FG: front glass plate, BP: rear plate, Sx, Sy: display discharge electrode, W: writing electrode, DL: coated dielectric, P
H: phosphor.

 ─────────────────────────────────────────────────── ─── Continuation of the front page (72) Inventor Tatsumasa Yokoi, 1-3-1, Noritake Shinmachi, Nishi-ku, Nagoya-shi, Aichi Noritake Company Limited Limited 36 (72) Inventor Naoya Kikuchi 3-chome, Noritake-shinmachi, Nishi-ku, Nagoya, Aichi 1-36 Noritake Company Limited (72) Inventor Masaaki Ito 3-36 Noritake Shinmachi, Nishi-ku, Nagoya-shi Aichi Prefecture Noritake Company Limited

Claims (6)

[Claims] 1. A discharge electrode covered with a dielectric is formed in a container containing a discharge gas, and a protective layer on the discharge surface is formed by chemical formula AX represented by the following 1) or 2) or its thermal decomposition. And a dielectric containing at least one component having a melting point of 850 ° C. or less, and an oxide containing at least one element selected from atomic number 71 or less in Group I to IIIa of the Periodic Table of Elements, and having a porosity A gas discharge tube characterized by being formed as a film of 30% or less. 1) A in the chemical formula is an element capable of forming a dielectric oxide having a melting point of 1000 ° C. or higher. 2) X in the chemical formula is F, Cl, Br, I, SO _{4 ,} NO
It is composed of at least one group selected from each group of _{3 ,} CO _{3 ,} CN and OH. 2. The gas discharge tube according to claim 1, wherein the visible light transmittance of the protective layer is 60% or more, and the electrode and the covering dielectric material are adhered and formed on the inner surface of the display glass constituting the discharge gas container. 3. The gas discharge tube according to claim 1, wherein all of the chemical formula AX is decomposed into oxides, and the protective layer is formed of dielectric powder having a melting point of 1000 ° C. or higher. 4. A dielectric composition in which 100 parts by weight of a dielectric powder and 25 to 70 parts by weight of a liquid vehicle are kneaded, and the powder has an atomic number of 71 in Group I to IIIa of the Periodic Table of Elements.

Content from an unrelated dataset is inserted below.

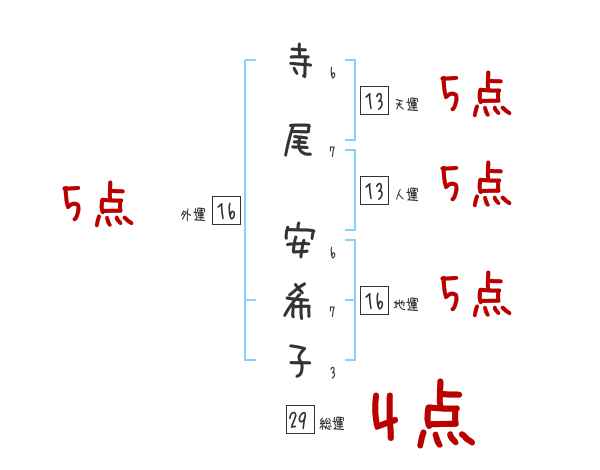 外運![]() | 寺尾安希子さんの外運は16画の5つ星!人望が厚く大きく発展する。逆転成功が見える。 生活面を象徴する運勢です。外部から受ける影響力を表し、結婚運、家庭運や職場、環境への順応性を表します。 |

At least one elemental compound selected from the following is included, and the chemical formula A represented by the following 1) or 2)

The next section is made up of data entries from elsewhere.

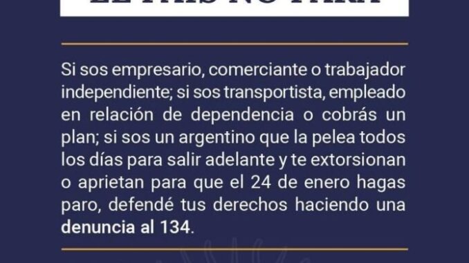 “Ante el conocimiento de la existencia de extorsiones, amenazas y aprietes a trabajadores y trabajadoras para que el 24 de enero se sumen al paro contra su voluntad, por el peligro de perder su puesto o el plan que cobran, el Ministerio de Seguridad de la Nación encabezado por Patricia Bullrich habilitó el 134 para recibir denuncias”, informó la cartera de Seguridad a través de un comunicado.
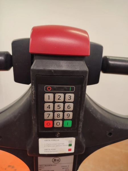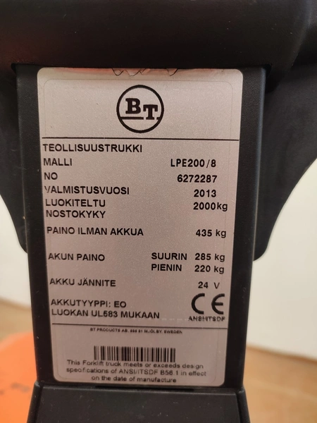BT Products Ab electric pallet lifter, model: LPE200/8, number: 6272287, year of construction: 2013, capacity: 2000 kg, fork length: 1145 mm, total dimensions: 1930 mm x 730 mm x 1350 mm. Technical condition unknown.
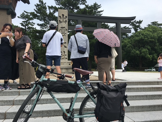 少し離れた駐車場に車を停め、持参した自転車で出雲大社へ。

A dielectric composition comprising at least one component of X or a thermal decomposition product thereof having a melting point of 850 ° C. or lower. 1) A in the chemical formula is an element that can form an oxide dielectric having a melting point of 1000 ° C. or higher. 2) X in the chemical formula is F, Cl, Br, I, SO _{4 ,} NO
It is composed of at least one group selected from each group of _{3 ,} CO _{3 ,} CN and OH. 5. The dielectric composition according to claim 4, wherein A in the chemical formula contains at least one element selected from atomic numbers 71 and less in the groups I to IIIa of the periodic table of elements. 6. The powder according to claim 4 or 5, wherein all powders have the chemical formula AX or a thermal decomposition product thereof at 850 ° C.

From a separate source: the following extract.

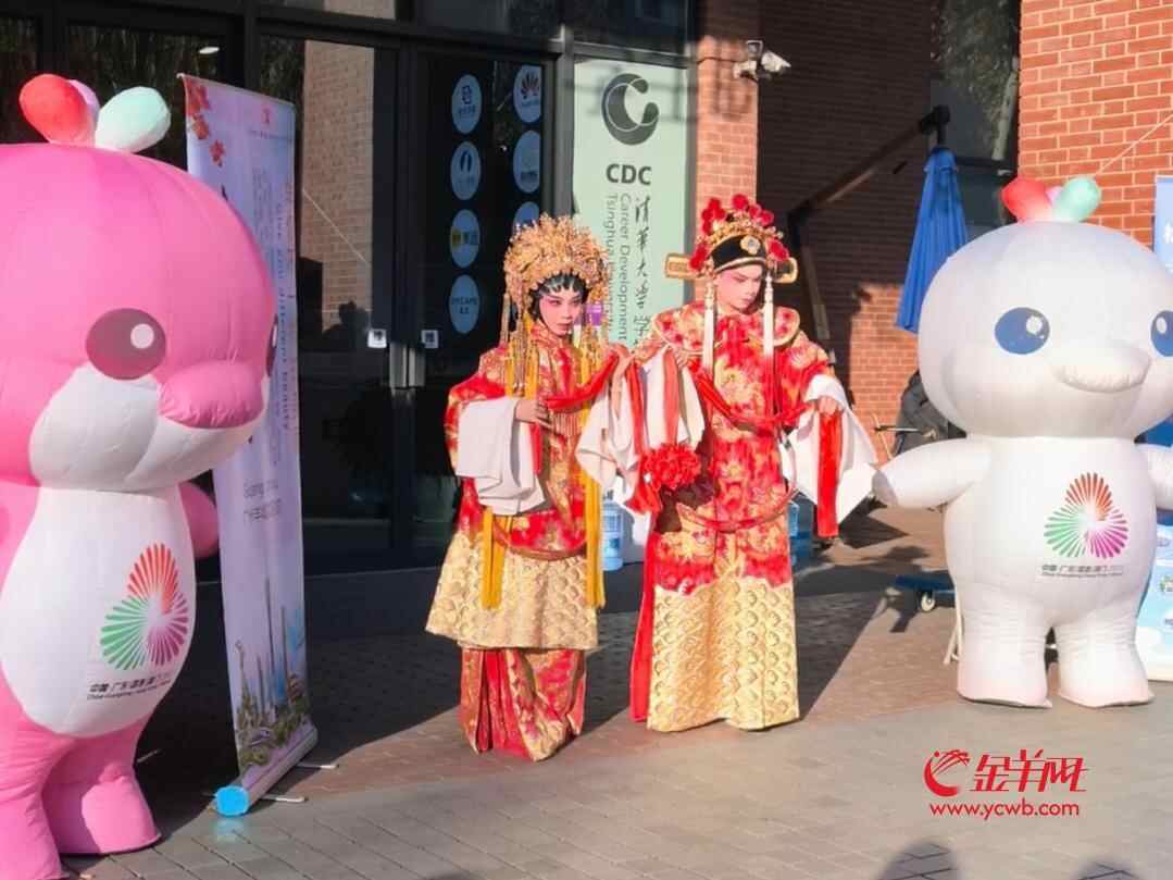 地方特色推介展区里,岭南文化气息扑面而来,热闹非凡又韵味十足。“三雕一彩一绣”的精美工艺品整齐陈列,将岭南工艺的精湛技艺展现得淋漓尽致。来自中国戏曲学院的广东籍学生吴泽铭和黄栩彦现场带来了粤剧经典选段《帝女花》。

An oxide containing at least one element selected from the atomic number 71 or less in the group I to IIIa of the Periodic Table of Elements is decomposed and produced from the melt, which is composed of components having the following melting points, and is visible in the deposited film. A dielectric composition capable of having a light transmittance of 60% or more.